5 Ways to Cultivate Gratitude
How to maintain the attitude of gratitude, or cultivate gratitude on a regular basis? In the article “In Praise of Gratitude,” the authors suggest the following activities:
- Write a thank-you note. You can make yourself happier and nurture your relationship with another person by writing a thank-you letter expressing your enjoyment and appreciation of that person’s impact on your life. Send it, or better yet, deliver and read it in person if possible. Make a habit of sending at least one gratitude letter a month. Once in a while, write one to yourself.

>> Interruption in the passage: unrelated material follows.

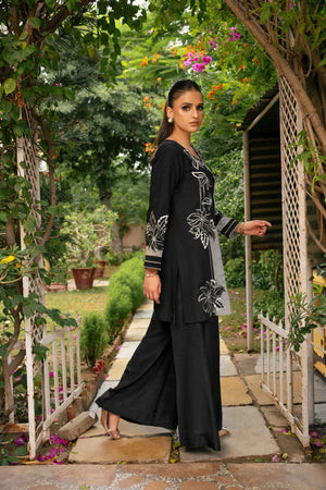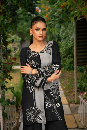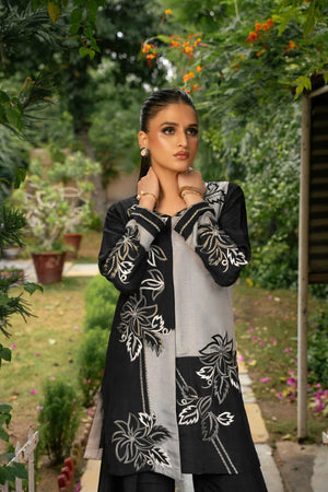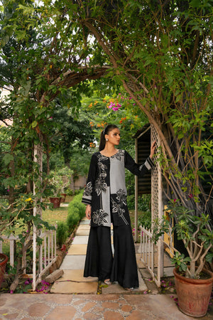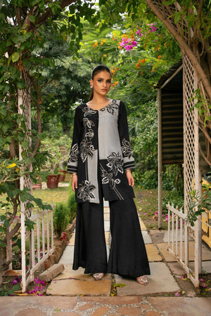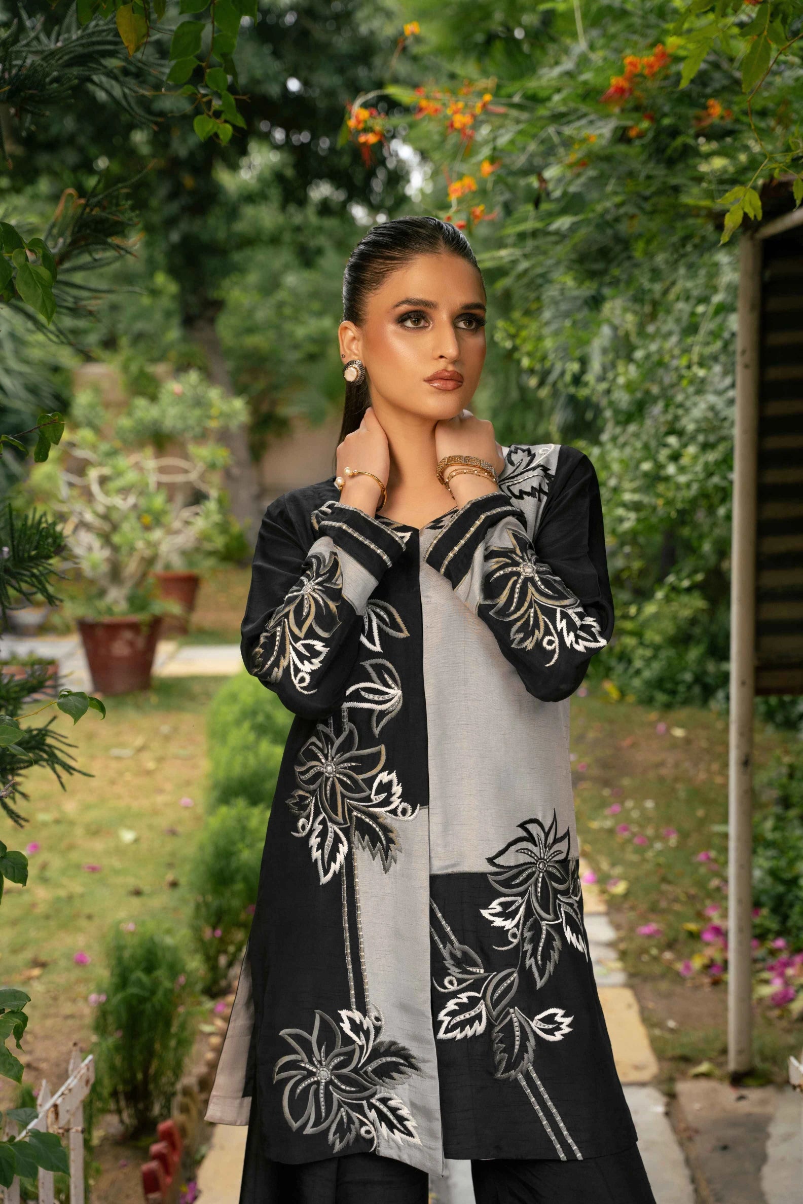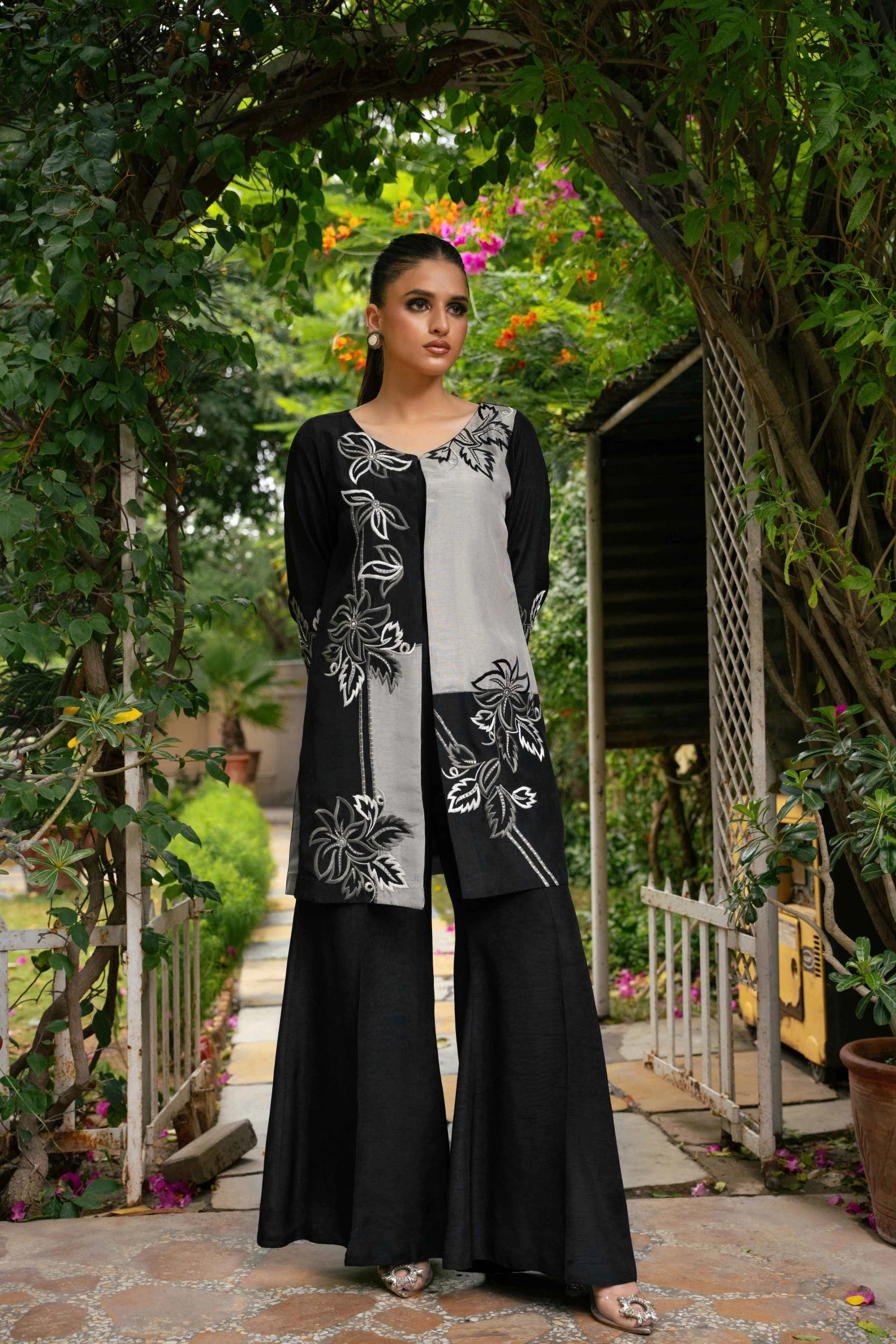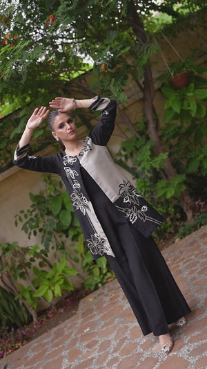 Nova — An effortless fusion of modern silhouette and timeless craftsmanship, Nova redefines contemporary elegance. The pure Korean silk jacket is rendered in a striking palette of black and silver, designed with a bold colour-block effect that instantly captivates. Intricate floral motifs, embroidered in resham and zari, cascade gracefully across the jacket, adding depth and artisanal beauty. A sleek black slip layers beneath, while fluid, loose draped pants enhance the effortless flow of the silhouette.

Thank someone mentally. No time to write? It may help just to think about someone who has done something nice for you, and mentally thank the individual. - Keep a gratitude journal. Make it a habit to write down or share with a loved one thoughts about the gifts you’ve received each day.
- Count your blessings. Pick a time every week to sit down and write about your blessings — reflecting on what went right or what you are grateful for. Sometimes it helps to pick a number — such as three to five things — that you will identify each week. As you write, be specific and think about the sensations you felt when something good happened to you.
- Pray. People who are religious can use prayer to cultivate gratitude.
- Meditate. Mindfulness meditation involves focusing on the present moment without judgment. Although people often focus on a word or phrase (such as “peace”), it is also possible to focus on what you’re grateful for (the warmth of the sun, a pleasant sound, etc.).